• THE PROBLEM
Among the records below, find the line with "島の北側から西側にかけては、" and the line with "Para una de". Set down both and every line between, exactly and with no pictures, but nothing else.

[[ GIVEN RECORDS, beginning ]]

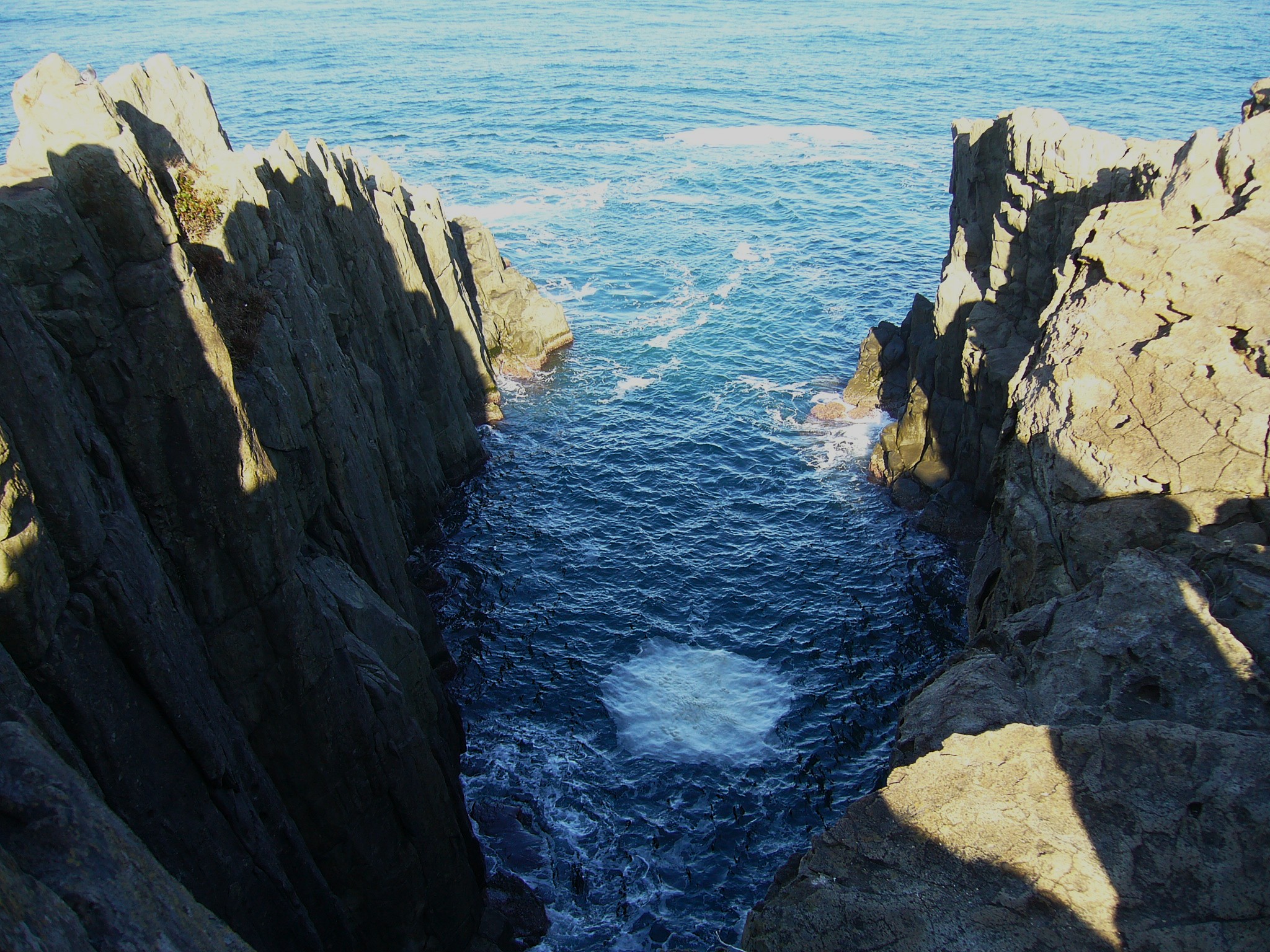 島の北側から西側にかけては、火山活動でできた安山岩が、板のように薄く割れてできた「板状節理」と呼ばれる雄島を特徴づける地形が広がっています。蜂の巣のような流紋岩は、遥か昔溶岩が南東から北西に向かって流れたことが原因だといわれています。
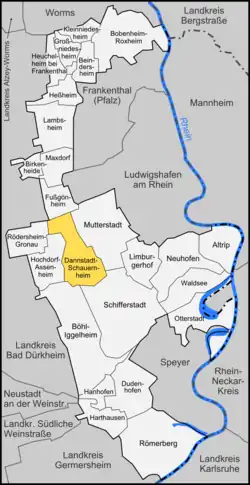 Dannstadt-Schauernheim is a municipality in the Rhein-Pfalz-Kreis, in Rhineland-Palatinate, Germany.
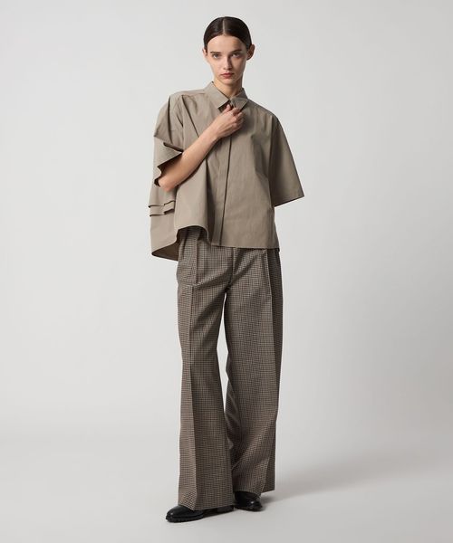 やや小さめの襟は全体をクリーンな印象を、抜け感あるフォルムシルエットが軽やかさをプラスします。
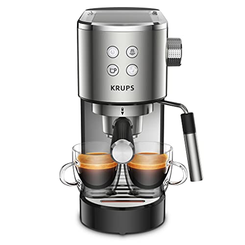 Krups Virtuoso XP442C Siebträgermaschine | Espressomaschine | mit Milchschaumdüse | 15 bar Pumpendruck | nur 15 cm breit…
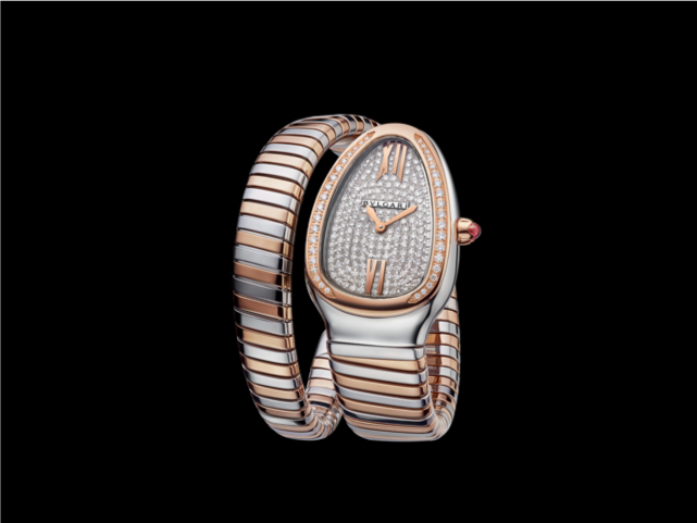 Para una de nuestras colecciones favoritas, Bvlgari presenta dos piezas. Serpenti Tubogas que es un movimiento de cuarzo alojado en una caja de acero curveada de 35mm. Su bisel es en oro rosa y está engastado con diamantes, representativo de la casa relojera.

[[ GIVEN RECORDS, end ]]
[[ GIVEN RECORDS, beginning ]]

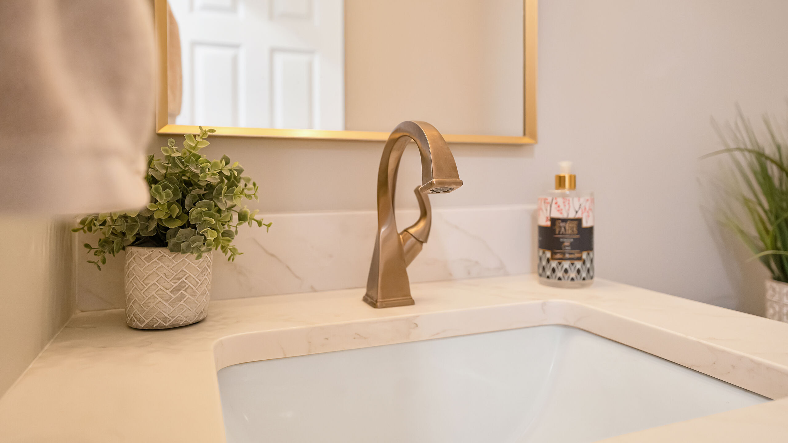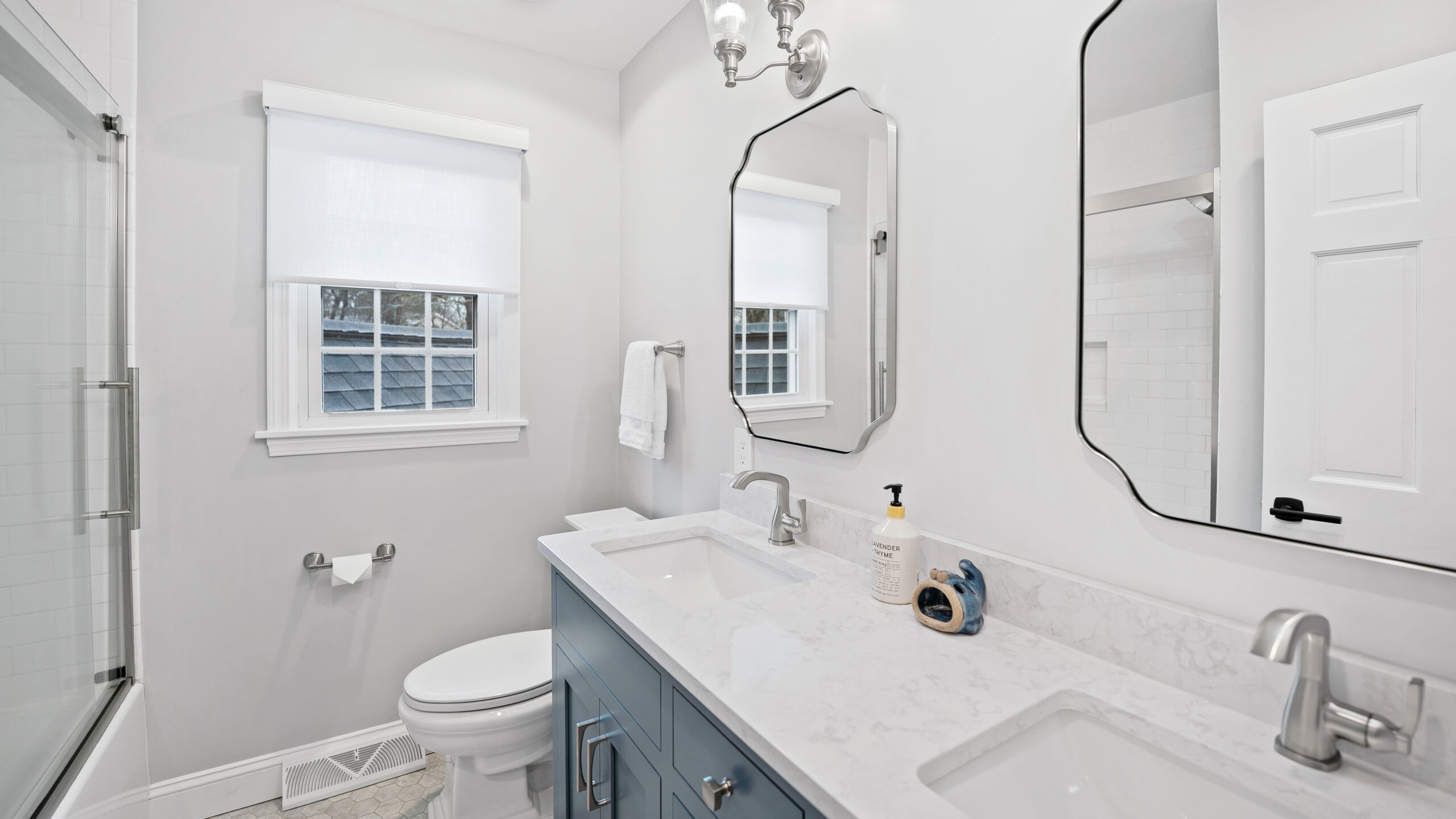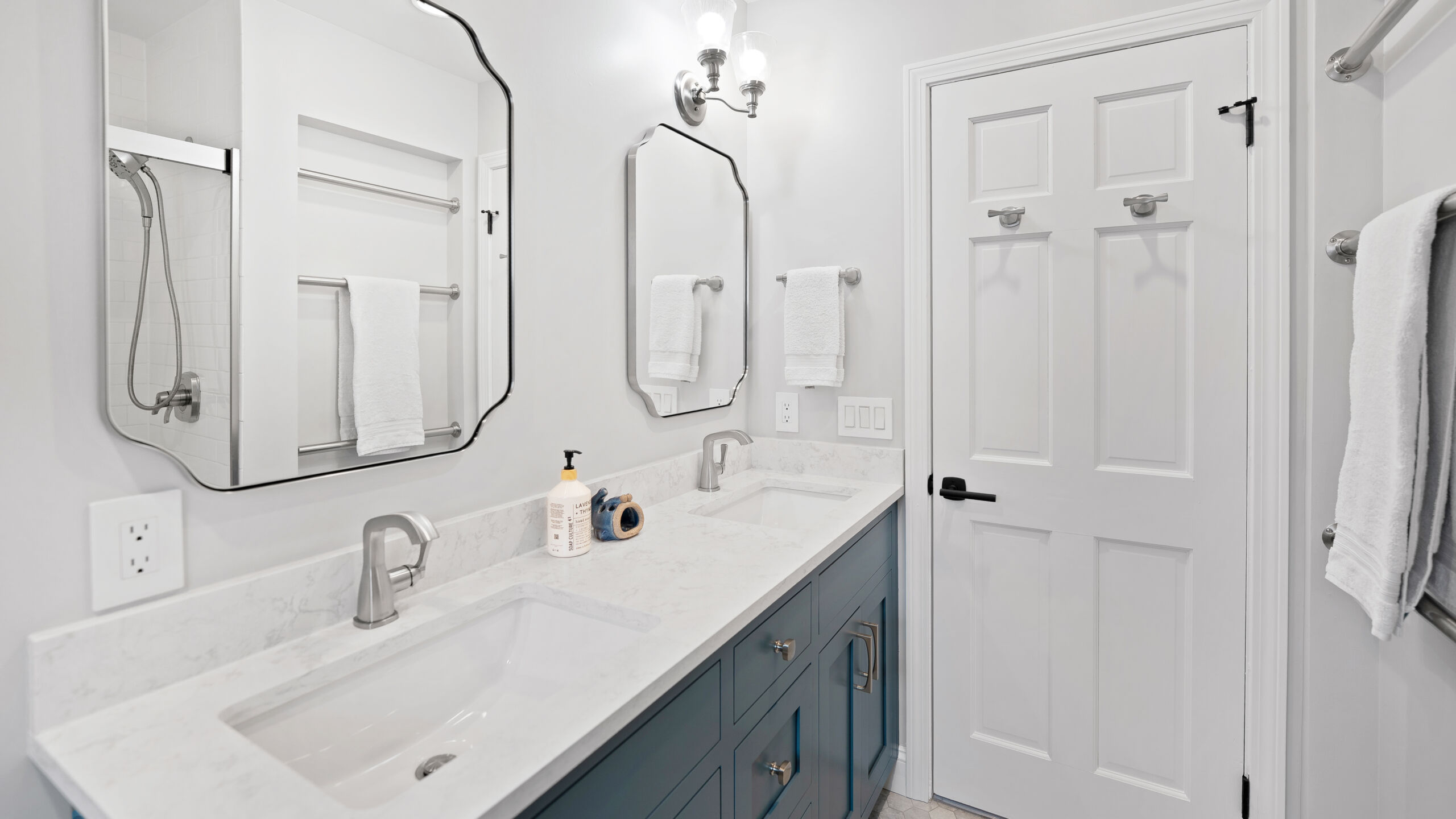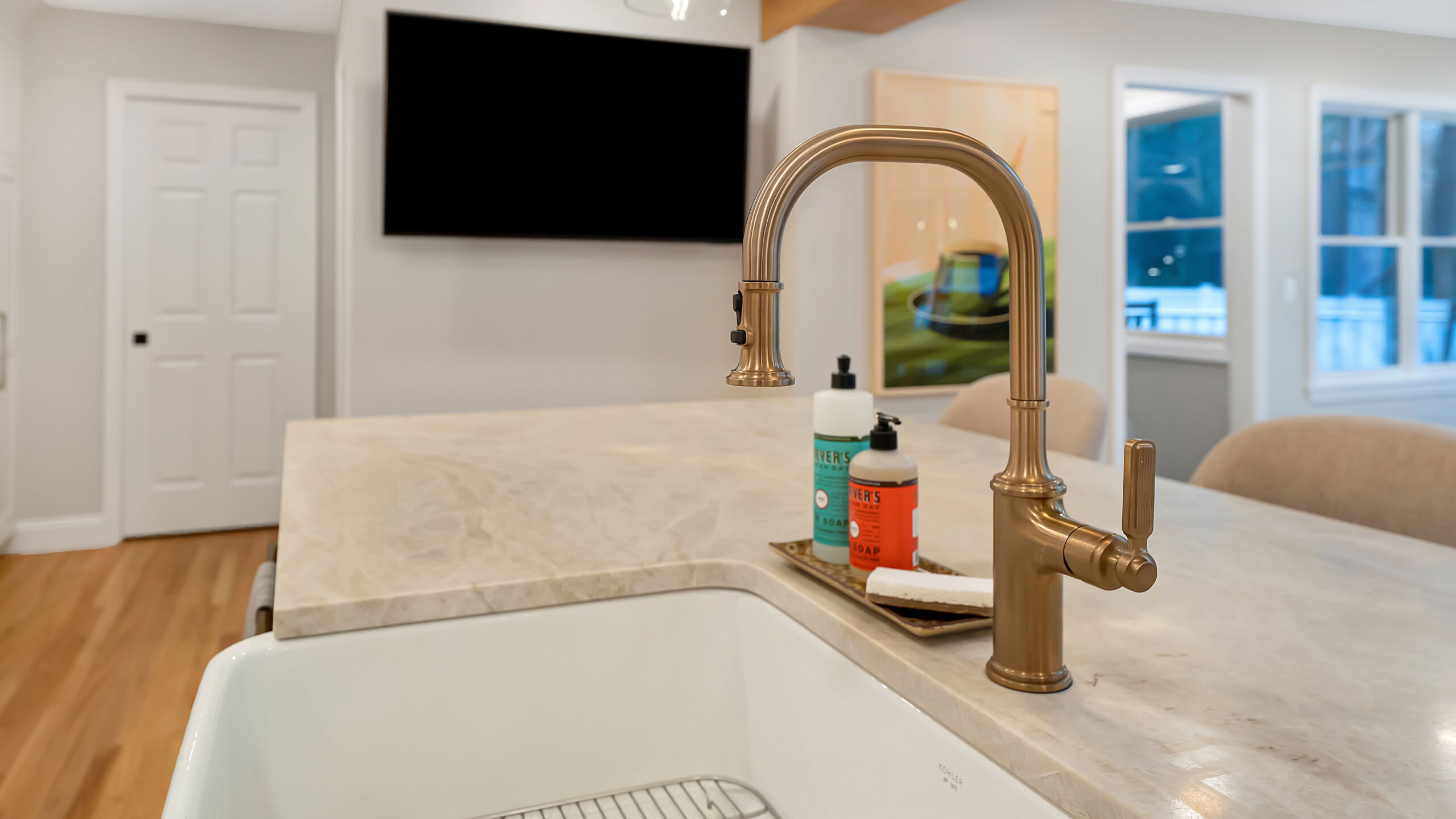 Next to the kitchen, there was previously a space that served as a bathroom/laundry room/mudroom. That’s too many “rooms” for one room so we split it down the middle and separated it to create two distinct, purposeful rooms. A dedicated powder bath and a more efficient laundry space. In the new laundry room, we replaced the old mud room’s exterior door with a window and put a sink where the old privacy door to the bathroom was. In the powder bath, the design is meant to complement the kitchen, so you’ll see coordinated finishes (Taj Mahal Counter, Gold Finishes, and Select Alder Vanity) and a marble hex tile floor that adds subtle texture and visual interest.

[[ GIVEN RECORDS, end ]]

• RESPONSE
 島の北側から西側にかけては、火山活動でできた安山岩が、板のように薄く割れてできた「板状節理」と呼ばれる雄島を特徴づける地形が広がっています。蜂の巣のような流紋岩は、遥か昔溶岩が南東から北西に向かって流れたことが原因だといわれています。
 Dannstadt-Schauernheim is a municipality in the Rhein-Pfalz-Kreis, in Rhineland-Palatinate, Germany.
 やや小さめの襟は全体をクリーンな印象を、抜け感あるフォルムシルエットが軽やかさをプラスします。
 Krups Virtuoso XP442C Siebträgermaschine | Espressomaschine | mit Milchschaumdüse | 15 bar Pumpendruck | nur 15 cm breit…
 Para una de nuestras colecciones favoritas, Bvlgari presenta dos piezas. Serpenti Tubogas que es un movimiento de cuarzo alojado en una caja de acero curveada de 35mm. Su bisel es en oro rosa y está engastado con diamantes, representativo de la casa relojera.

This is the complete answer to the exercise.